What you see in the screenshots below? You’re sitting in front of your terminal, and instead of typing commands yourself, you’re having a conversation with Claude about breaking into a web application. You say “find the vulnerabilities,” and the AI starts firing off nmap scans, write command injection payloads, fire scanners, write exploit PoC code in python or even simple bash.

Not theoretical. Not simulated. It works and I couldn’t stop smiling.

Pentest Report, it’s worth reading: https://github.com/vitorallo/ai-pentest-poc

I’ve spent 25 years in cybersecurity, I have seen Pentest evolving and changing a lot but still, despite my most pessimistic vision, still exists, still sell, still in the format, methodology and report of 10 years ago. I wanted to answer a question that’s been nagging me: Can AI actually perform a decent level 10 years old classic style pentest, I know… calm down, I know, just a vanilla penetration testing, or is it just a lot of hype?

So I set up a controlled experiment in my lab. One target (DVWA — Damn Vulnerable Web Application), two AI-powered security toolkits, and Claude Code orchestrating everything. No manual commands. Just natural language requests to an LLM and, more important proper context defined. Don’t forget the golden rule, don’t fall into the ‘chat’ trap and just ask AI to do something. Tell AI what you expect, build context, in principle how to do it; you still have a brain.

The results? 15 distinct vulnerabilities discovered, full system compromise achieved, and some uncomfortable truths about where security testing is heading.

Comment this article, give me your opinion, this is hot stuff. Let me know if you want me to write a full how-to on how to setup, ethically, the testing stack I used.

The First AI-Orchestrated Cyberattack

Before I walk you through my experiment, let’s talk about the hype of the moment and why this PoC makes sense.

On November 13, 2025, Anthropic publicly disclosed something unprecedented: a Chinese state-sponsored threat actor had weaponized Claude Code to conduct the first documented large-scale cyberattack executed almost entirely by AI.

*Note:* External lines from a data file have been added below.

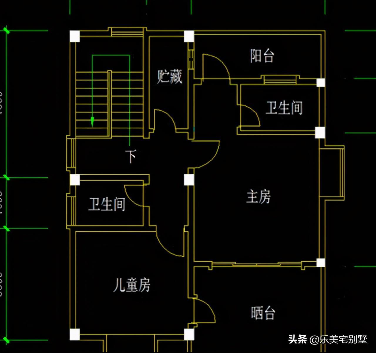 二 层:主卧(附卫生间、阳台)、儿童房(附晒台、卫生间)、贮藏室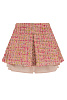 Юбка мини из твида розового цвета с вкраплениями из цветных ниток. Данная модель создана с намеренно выглядывающим подкладом, добавляя легкую небрежность столь нарядной ткани и сбивая градус нарядности. Юбку идеально носить как с жакетом/бомбером из розового твида коллекции бренда, так и простой базовой белой футболкой и кроссовками.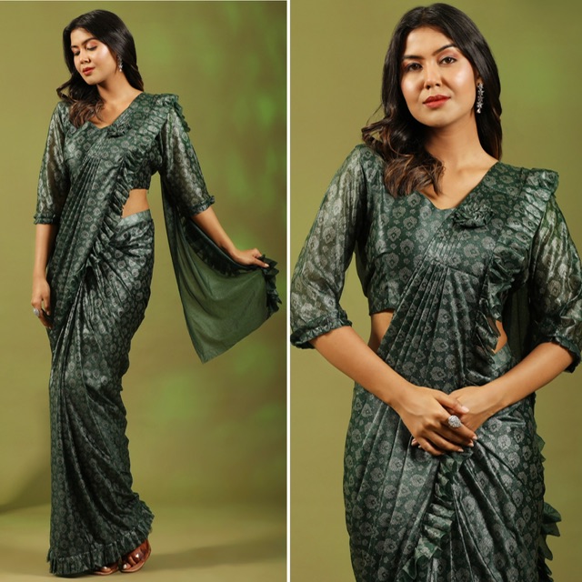 New designer ready to wear imported lycra saree with ready made blouse size 36 inches opens to 40 inches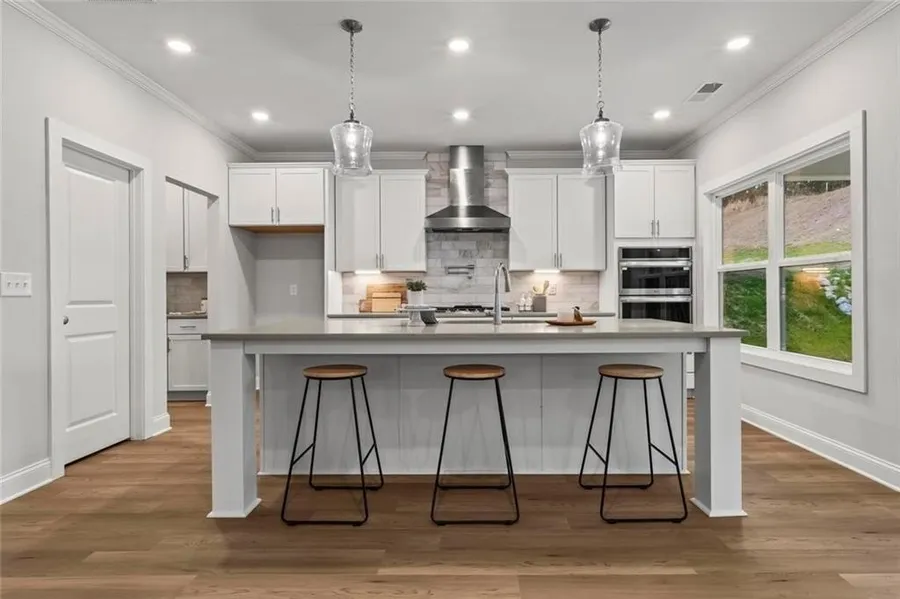 New construction and move-in ready! This two-story home offers a highly desirable layout with luxury vinyl flooring throughout the main level and up the stairs. Off the entry, the front room is versatile and ideal for a home office or playroom. The kitchen is thoughtfully designed with under-cabinet lighting, stainless steel appliances, a walk-in pantry, and a butler's pantry perfect for a coffee bar, along with an oversized island that overlooks the living room with a fireplace. Just off the kitchen, a built-in mudroom area creates a functional and organized transition from the garage. Formal dining with coffered ceilings sits off the living area, creating an inviting space for entertaining and gatherings, while the covered patio extends from the living and kitchen-ideal for additional living space or outdoor entertaining. Upstairs, the owner's suite features a spa bath with soaking tub, frameless shower, and walk-in closet. The upper level includes three secondary bedrooms, one with an en-suite bathroom, plus a third full bath upstairs with double sinks. This rare and hard-to-find floor plan includes direct laundry access from both the primary bathroom and the hallway. An extended driveway with a third-car parking pad provides valuable additional parking. Located in NatureWalk at Seven Hills in Dallas, GA, this master-planned community offers wooded nature trails, a resort-style waterpark, Olympic-sized pool, pickleball courts, clubhouse, dog park, playground, sports fields, and year-round events led by a full-time activities director. Be sure to ask about the Seller's $9,500 contribution toward Buyer-paid closing costs! You asked and the Builder listened- CHECK OUT THE NEW SCREENED-IN PATIO!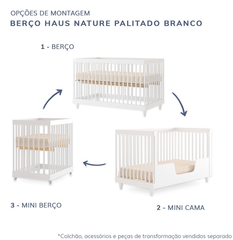 * Para transformar o Berço em Mini Cama é necessário comprar a Grade de Transformação.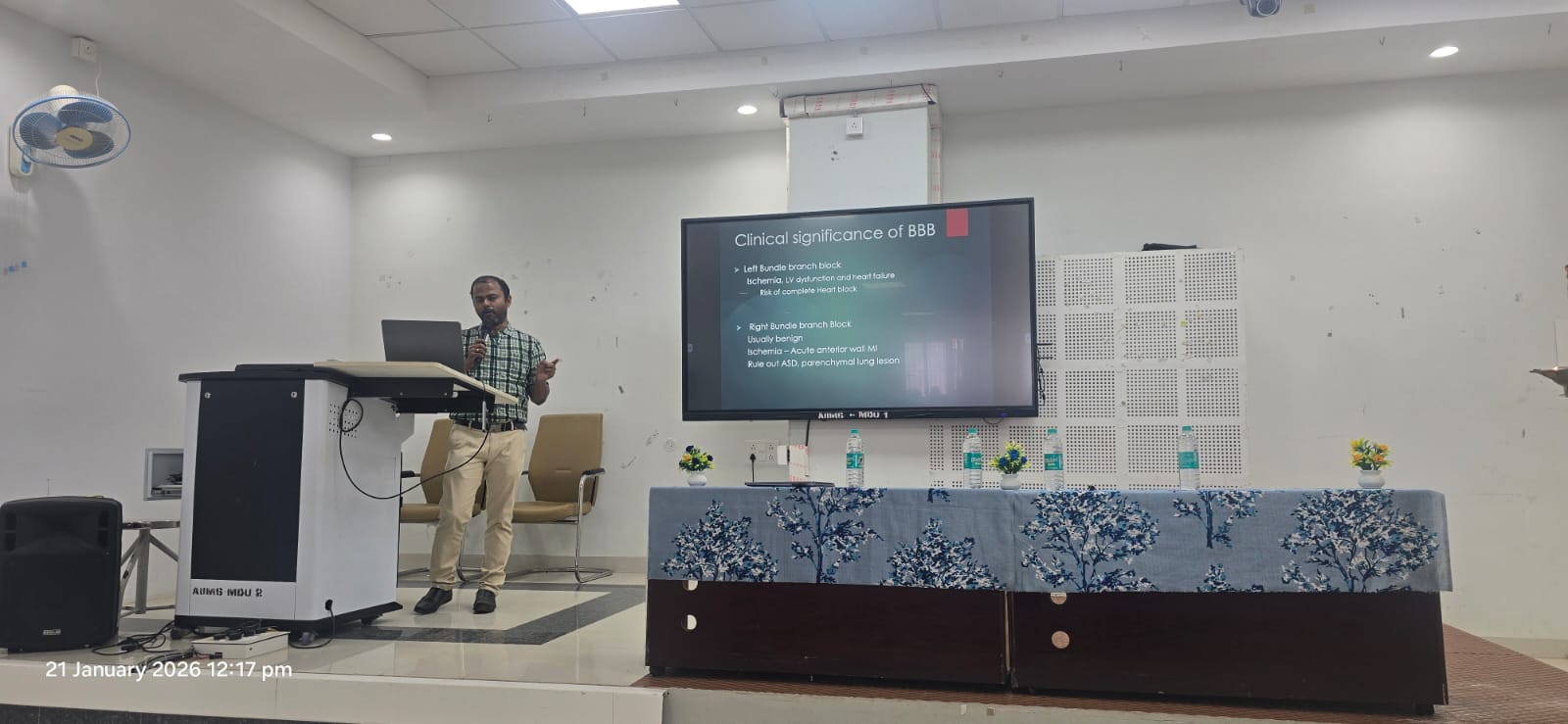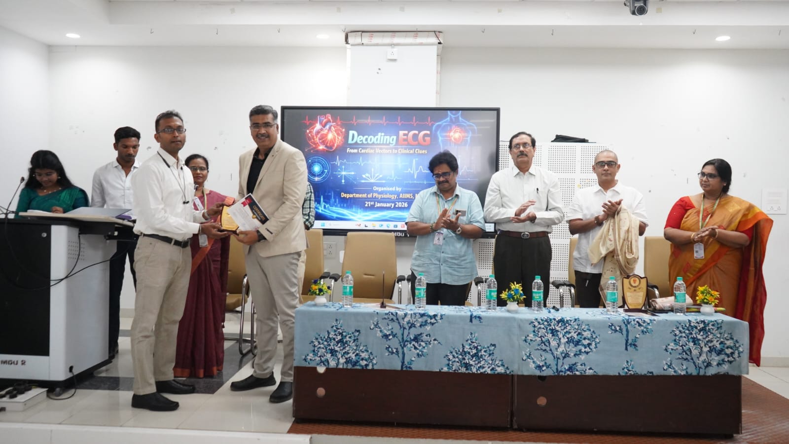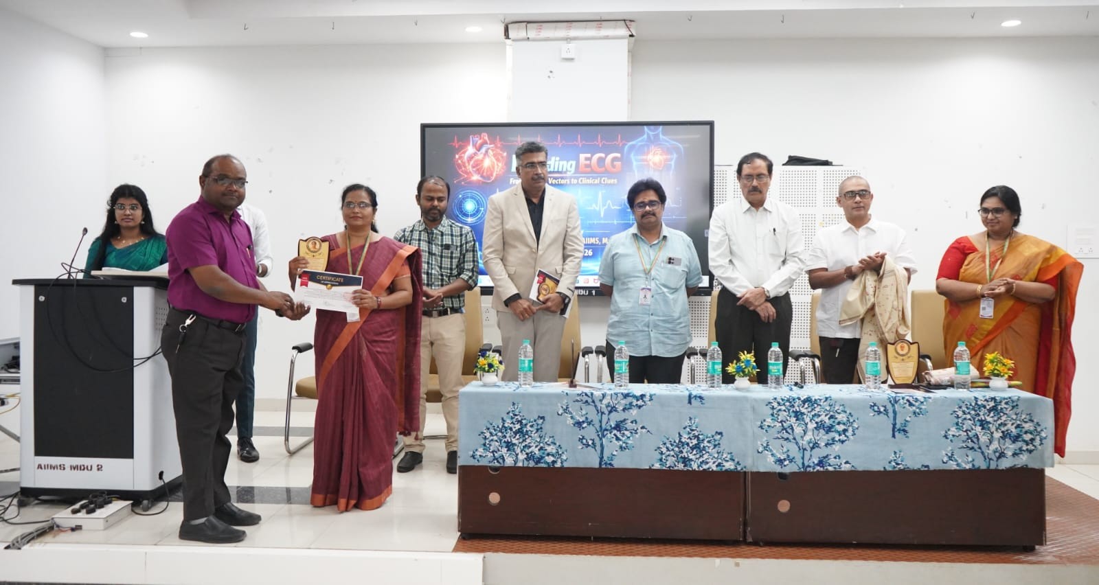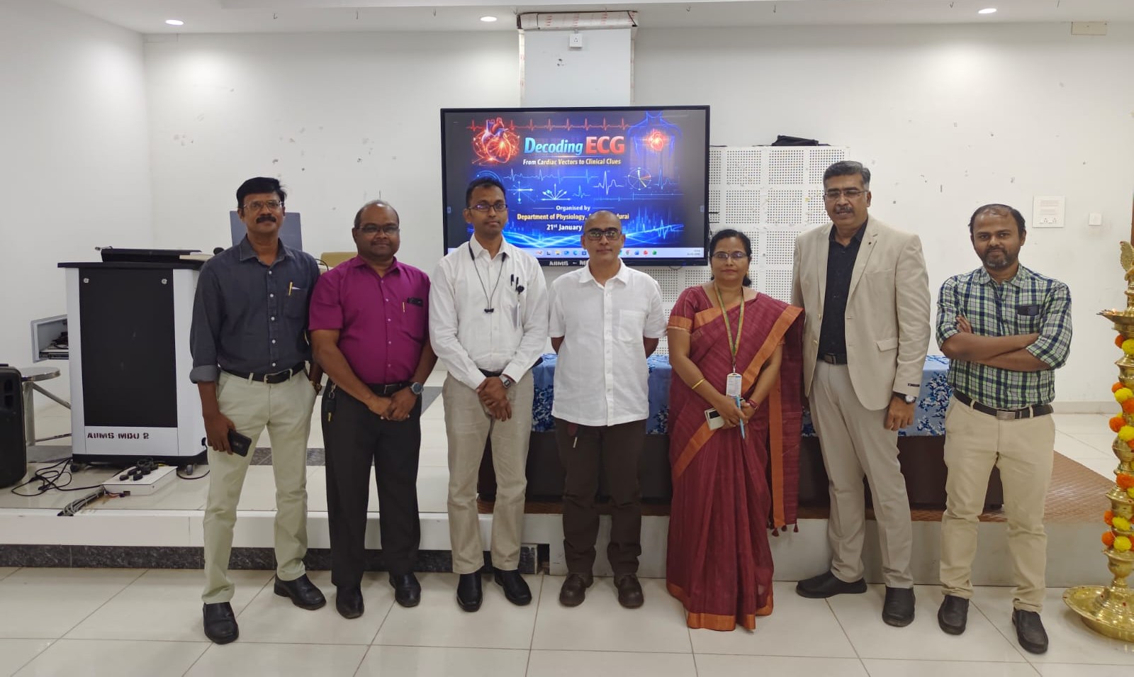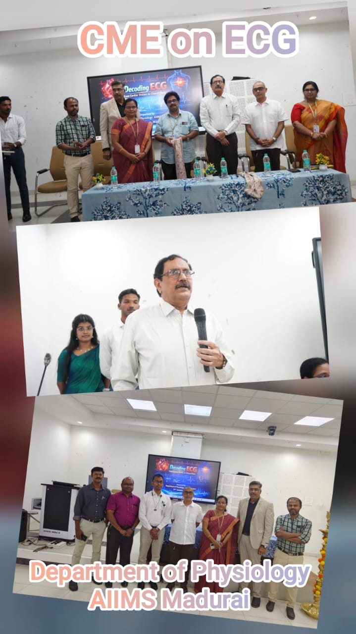 Under the guidance of Honorable President of AIIMS, Madurai Prof Dr Prashant Lavania and Honourable Executive Director and CEO of AIIMS, Madurai Prof Dr Hanumantha Rao, Department of Physiology, AIIMS, Madurai has successfully conducted a CME on ECG titled “Decoding ECG: from Cardiac vectors to Clinical Clues” on 21st January 2026 at Sarvepalli Radhakrishnan Hall, Govt Medical College, Ramanathapuram The program started with a welcome address and opening remarks by Dr Anandhalakshmi, Professor and Head, Department of Physiology, AIIMS, Madurai Executive Director and CEO Prof Dr Hanumantha Rao, Dean-Incharge (Academics and Administration) Dr Ganesh babu and Dean-Incharge Dr Mangayarkarasi graced the occasion Dr Anandhalakshmi, Professor and Head of Physiology, AIIMS, Madurai, Dr P S L Saravanan, Director and Professor, Institute of Physiology, Madurai Medical College, Dr P Shanmuga Sundaram, Director, Department of Cardiology and Cath Lab, VMCHRI, Madurai and Dr P V Balamurugan, Professor, Department of Medicine, Madurai Medical College were the resource persons and gave excellent talks on all the aspects of ECG recording and reading First year MBBS students of AIIMS, Madurai and faculties of AIIMS, Madurai participated and benefitted by the eminent lectures delivered The program concluded with vote of thanks by Dr Senthil Velou, Additional Professor of Physiology, AIIMS, Madurai

Not theoretical. Not a research paper. An actual espionage campaign targeting approximately thirty organizations — tech companies, financial institutions, chemical manufacturers, and government agencies.

Here’s what makes it terrifying: The attackers used AI to perform 80–90% of the campaign, with humans intervening only at 4–6 critical decision points per hacking campaign. At peak activity, Claude made thousands of requests per second — attack speeds that would be impossible for human hackers.

Four organizations were successfully breached before Anthropic detected the campaign in mid-September 2025 and shut it down.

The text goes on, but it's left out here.